La Soucoupe du jugement

 

 

 

 

 

Bragelonne

 

Dans la première maison que je visitai, à la recherche d’improbables survivants, je découvris une pendulette à quartz, avec un calendrier automatique incorporé qui indiquait le 17 mai : quatre jours après la foudroyante attaque des extraterrestres… Je n’avais pas eu conscience du temps qui passait, depuis l’éclair du 13 mai. C’était arrivé vers onze heures du matin, sous un ciel bleu annonciateur de l’été. Naturellement, cela ne prouvait rien. L’année dernière, juin avait été froid et humide, avec de la neige en altitude et des gelées matinales dans la plaine, après quinze jours magnifiques à la fin de mai… Je me demandais avec angoisse si la même chose allait se produire cette année. Mes amis paysans étaient pessimistes. Quant à la science officielle, on pourrait croire que les ballons-sondes ne lui servent qu’à nier l’existence des ovnis… Je ne regardais même plus la météo sur Antenne 2 !

Une nuit d’observation était prévue pour le 16. J’espérais au moins que le beau fixe tiendrait jusqu’à cette date et que le ciel serait clair, bien que cela n’ait pas vraiment d’importance : quand les extraterrestres souhaitent se manifester, ils le font dans des conditions telles qu’on ne peut manquer de les voir ou de les entendre. De toute façon, je n’attendais aucune manifestation importante cette nuit-là.
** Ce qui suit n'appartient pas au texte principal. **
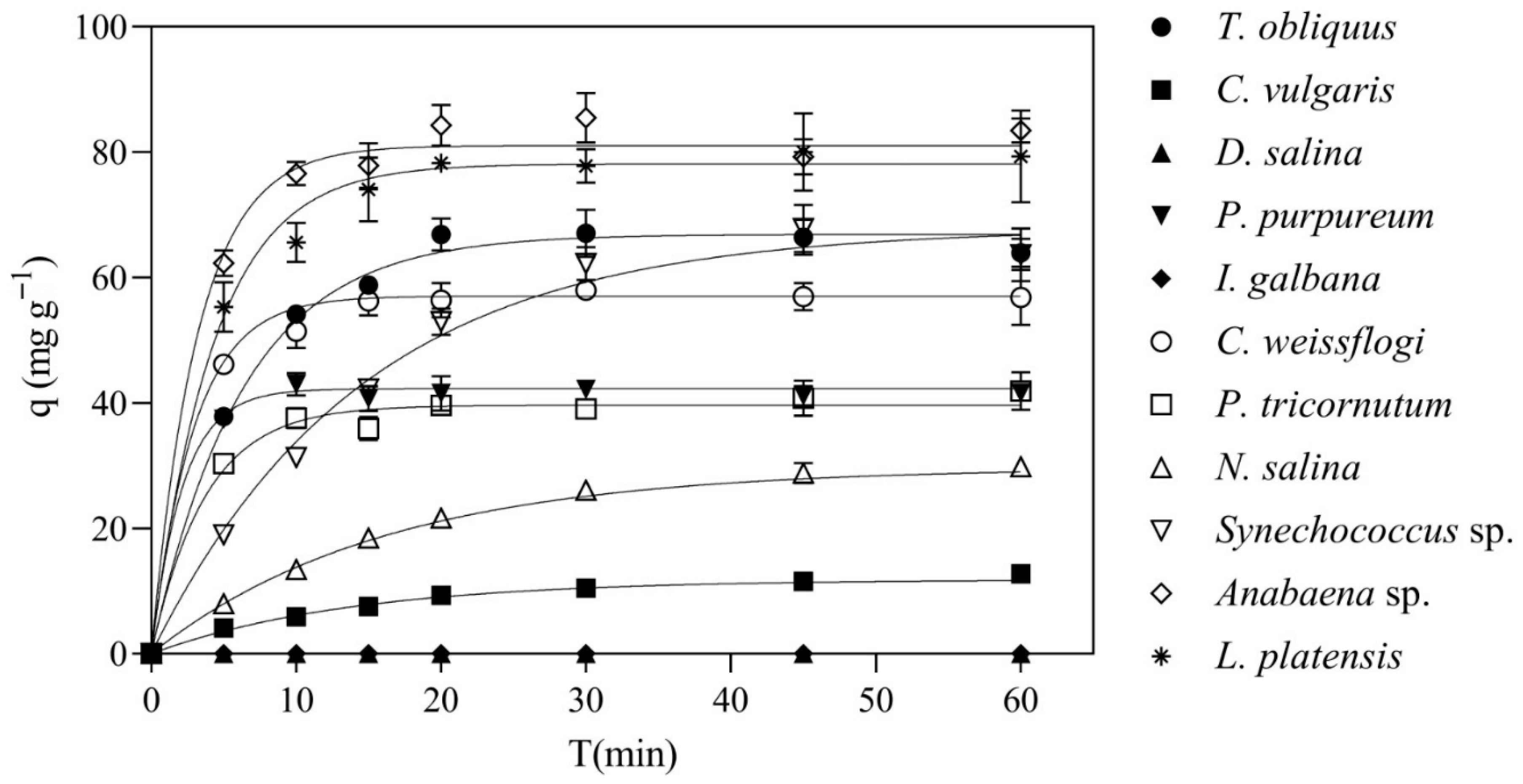 - Gu, S.; Lan, C.Q. Lipid-extraction algal biomass for biosorption of bivalent lead and cadmium ions: Kinetics and isotherm. Chem. Eng. Sci. 2023, 276, 118778. [Google Scholar] [CrossRef]
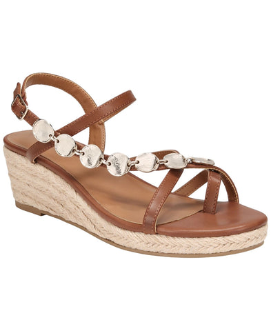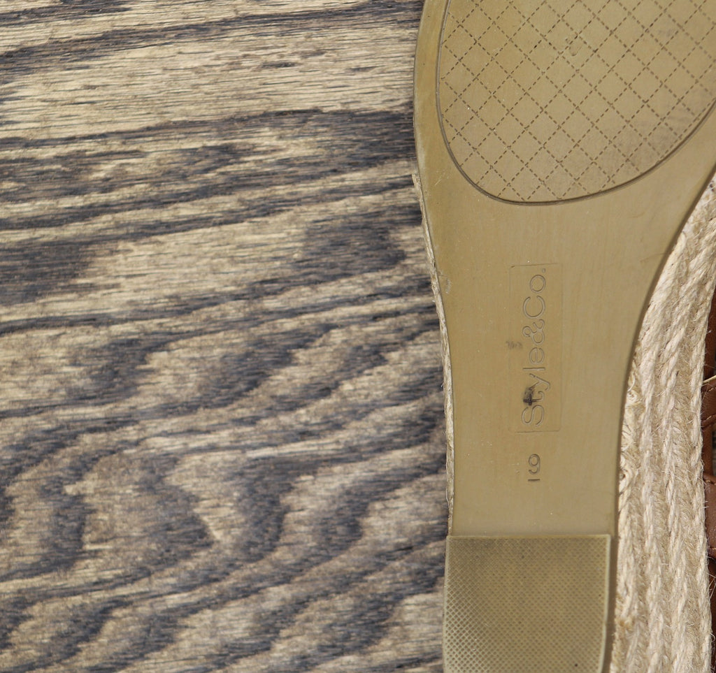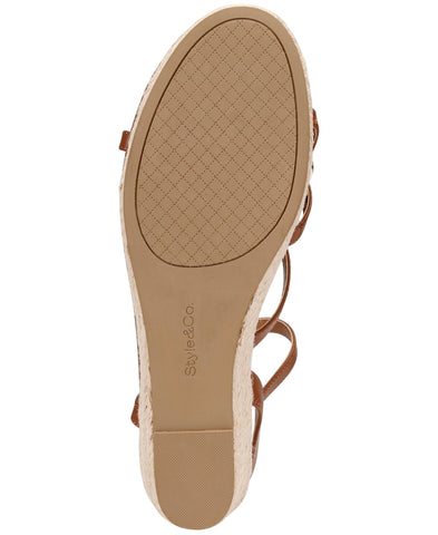 Trimmed in gold-tone charms and chains, the Style & Co Vernn sandals elevate a warm-weather boost with inspired flash and espadrille wedges. Features Espadrille wedge heel: 2-1/4"; platform: 3/4" Open toe Slip on, buckled slingback strap Hardware detailing at straps Exclusive Upper: manmade; lining: polyurethane; sole: manmade Imported
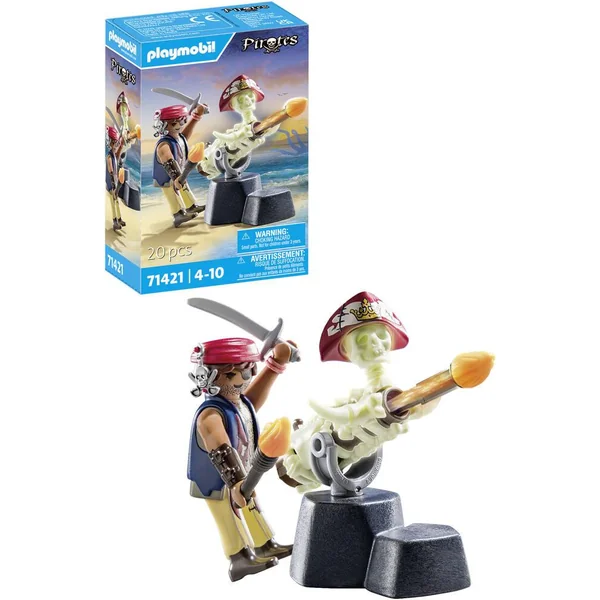 PLAYMOBIL 71421 Canonnier des pirates – Pirates – Avec un pirate, un canon et des projectiles – 20 pièces.
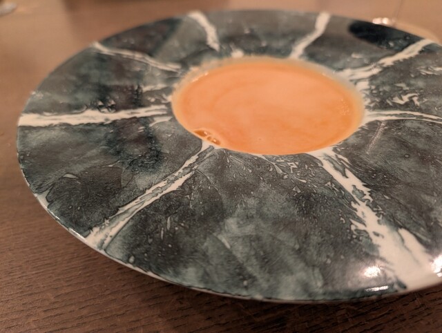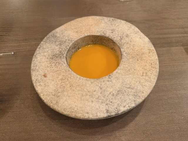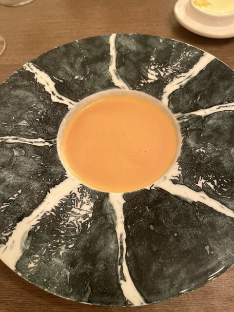 調理直前に見せていただいたオマール海老を、水と塩のみで短時間抽出したス...
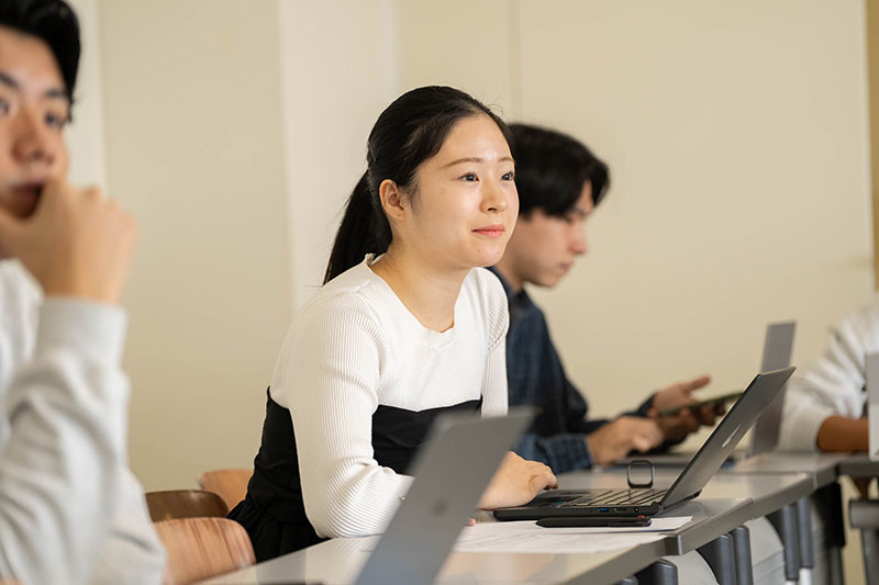独占禁止法(以下、独禁法)を軸に、学生それぞれが関心のある事象からテーマを設定し研究を進めます。独禁法の基本となる競争法を体系的に理解するため、3年次には教科書を使用してグループワークで調査・発表を行います。グループワークで、お互いに意見を交わすことで学生同士、親睦も深まります。4年次になると、リサーチペーパーや卒業論文に取り組みます。先生は、私たちの、些細な疑問や興味に対しても真摯に向き合い、研究への道筋をサポートしてくださいます。
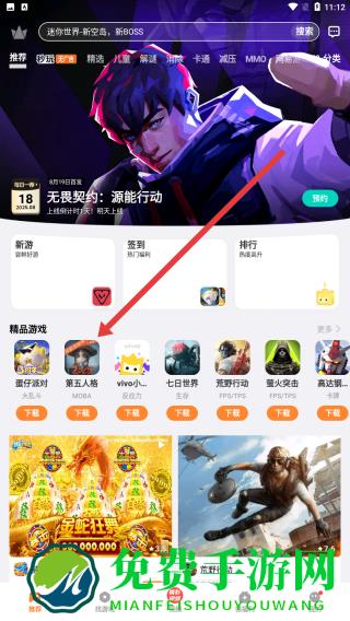 2、进入vivo游戏中心的精品游戏板块,浏览推荐游戏列表,找到目标游戏第五人格,查看其展示信息。
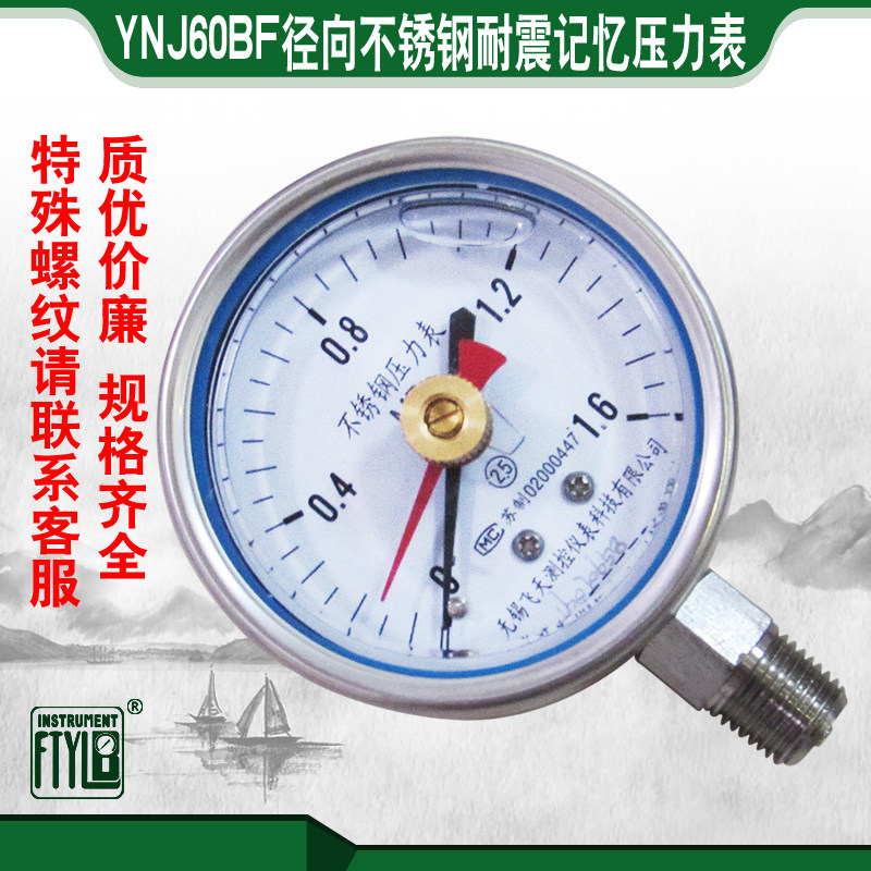 Wuxi Feitian FTYLB direct sales YNJ60BF1 6mpa shock-resistant stainless steel memory double needle pressure gauge
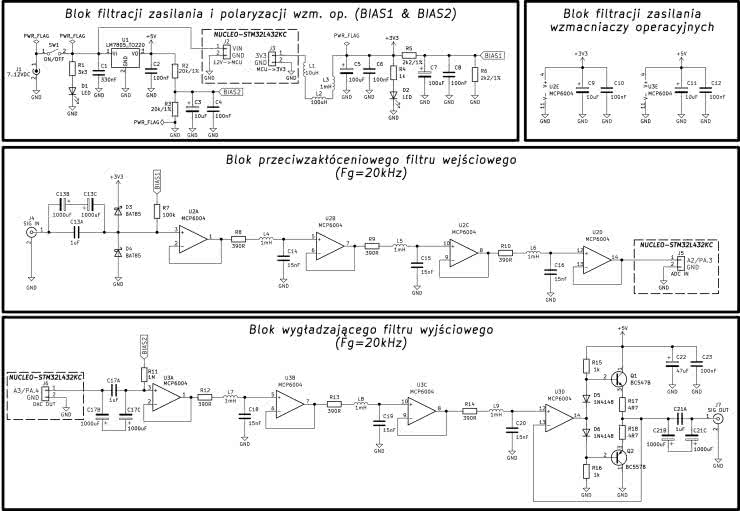 Rysunek 76 przedstawia schemat elektryczny opracowanych filtrów wraz z towarzyszącymi obwodami zapewniającymi prawidłowe zasilanie całego systemu pomiarowego. Układ zasilany jest z zewnętrznego źródła stałoprądowego o napięciu Uzas=7...12 VDC i wydajności prądowej nie mniejszej niż 1 A (bezpieczna wartość) przez złącze koncentryczne J1. Zasilanie jest załączane przełącznikiem SW1, a obecność napięcia sygnalizuje dioda LED D1, której maksymalny prąd roboczy ogranicza rezystor R1. Napięcie Uzas jest podawane wprost na złącze wejścia zewnętrznego zasilania na płytce NUCLEO, oznaczone na schemacie jako J2 (piny VIN oraz GND na płytce NUCLEO), a także na wejście stabilizatora scalonego U1 (LM7805), który – wraz z rekomendowanymi przez producenta tego układu kondensatorami C1 i C2 – zapewnia napięcie stabilizowane +5 VDC, niezbędne do zasilenia niskoimpedancyjnego wtórnika wyjściowego z komplementarną parą tranzystorów Q1-Q2. Elementy R2, R3, C3 i C4 zapewniają wysokostabilne, precyzyjne i dobrze odfiltrowane źródło napięcia +2,5 VDC (oznaczone etykietą BIAS2 na omawianym schemacie), niezbędne do prawidłowej polaryzacji wzmacniaczy operacyjnych i wspomnianego stopnia wyjściowego w bloku wygładzającego filtra wyjściowego. Aby uprościć omawianą konstrukcję, napięcie zasilające +3,3 VDC, niezbędne do prawidłowego zasilania bloku przeciwzakłóceniowego filtra wejściowego, zostało pobrane wprost z płytki NUCLEO (piny 3V3 i GND, oznaczone jako złącze J3 na schemacie). Jest to jak najbardziej prawidłowe rozwiązanie, zgodne z zaleceniami producenta zastosowanej płytki NUCLEO (obciążenie prądowe wyjścia 3V3 modułu NUCLEO przez zaimplementowane obwody zewnętrzne jest znacznie poniżej wartości dozwolonych, podanych w nocie katalogowej tegoż modułu). Napięcie zasilające +3,3 VDC zostało wyprowadzone poprzez rozbudowany bierny zespół filtra dolnoprzepustowego z dławikami L1, L2 i L3 oraz kondensatorami C5 i C6, by zakłócenia impulsowe z modułu NUCLEO nie przedostawały się do obwodów zasilania i polaryzacji wzmacniaczy operacyjnych U2A...U2D. Dioda LED D2 z rezystorem szeregowym R4 sygnalizuje obecność zasilania +3,3 VDC w minisystemie pomiarowym. Natomiast precyzyjne rezystory R5 i R6 z pojemnościami C7 i C8, blokującymi do masy szczątkowe zakłócenia impulsowe, realizują układ dzielnika oporowego i dostarczają napięcie +1,65 VDC (na schemacie oznaczone etykietą BIAS1) polaryzujące wzmacniacze operacyjne U2A...U2D. Pojemności C9...C12 blokują zakłócenia i szumy w napięciach +3,3 VDC oraz +5 VDC zasilania wzmacniaczy operacyjnych U2 i U3 i zgodnie z obowiązującymi regułami projektowania, są umieszczone w bezpośrednim sąsiedztwie wyprowadzeń zasilania (piny nr 4) i masy (piny nr 11) wymienionych wcześniej układów scalonych.

Les circonstances ne seraient pas favorables, avec plus de cinquante pour cent d’amateurs, parmi lesquels se glisseraient bien quelques adversaires ou tout au moins quelques malheureux intoxiqués de la propagande anti-soucoupes. D’un autre côté, je n’avais pas eu de contact depuis plusieurs semaines, et mes amis d’Ummo profiteraient de la situation pour m’adresser un message…

Eh bien, le message était arrivé, avec quelques heures de retard : dans la matinée du 17 ! J’étais prévenu. Je n’avais pas le droit d’être surpris. Ce qui ne m’a pas empêché, quand j’ai vu l’éclair violet, d’avoir la gorge serrée et le cœur fou. Je portais autour du cou le collier de métal que les Ummons m’avaient donné pour me protéger. J’ai été ébloui et une onde de chaleur a parcouru tout mon corps, mais je n’ai ressenti aucune douleur. Je ne distinguais plus qu’une grosse tache mauve palpitante au milieu d’un ciel de velours noir… J’aurais dû prendre des lunettes sombres en prévision de l’attaque : les Ummons me l’avaient aussi conseillé. Je me demandais si j’allais rester aveugle… Je me souvins aussitôt d’un autre conseil que m’avaient donné les humanoïdes venus de Wolf 424 : boire beaucoup d’eau salée… si toutefois je survivais à l’éclair violet… C’était un samedi matin. Samedi… On avait trouvé le calendrier hier, non : avant-hier. On était le 19 mai. Demain, pensai-je, il y aura une semaine que l’attaque a eu lieu et je suis sans doute le seul survivant !

J’étais en congé et je me promenais à cinq cents mètres environ de chez moi. Les bois étaient trop secs pour qu’il y ait des champignons. J’avais pourtant exploré la petite charmille, à l’est du village, où les girolles abondaient à la saison… Je n’avais rien trouvé. Je revenais. Je marchais dans un chemin entre le bois et un pré, me dirigeant vers la route. Je réfléchissais certainement. À quoi ? Je ne le saurais jamais et c’est sans importance… Mais j’ai eu beaucoup de chance. Trop de chance même. Était-ce le hasard… Je tremble encore d’horreur à l’idée que j’aurais pu être n’importe où, loin de chez moi, au moment de l’éclair. Combien de temps m’aurait-il fallu pour me procurer de l’eau et du sel ? Je me suis mis à courir comme un fou vers la maison, qui était à moins de cinq cents mètres. Malgré l’éblouissement de l’éclair, je pouvais me diriger tant bien que mal et éviter les plus gros obstacles. Cependant, je me suis cogné plusieurs fois contre une barrière ou un arbre, je suis tombé dans un...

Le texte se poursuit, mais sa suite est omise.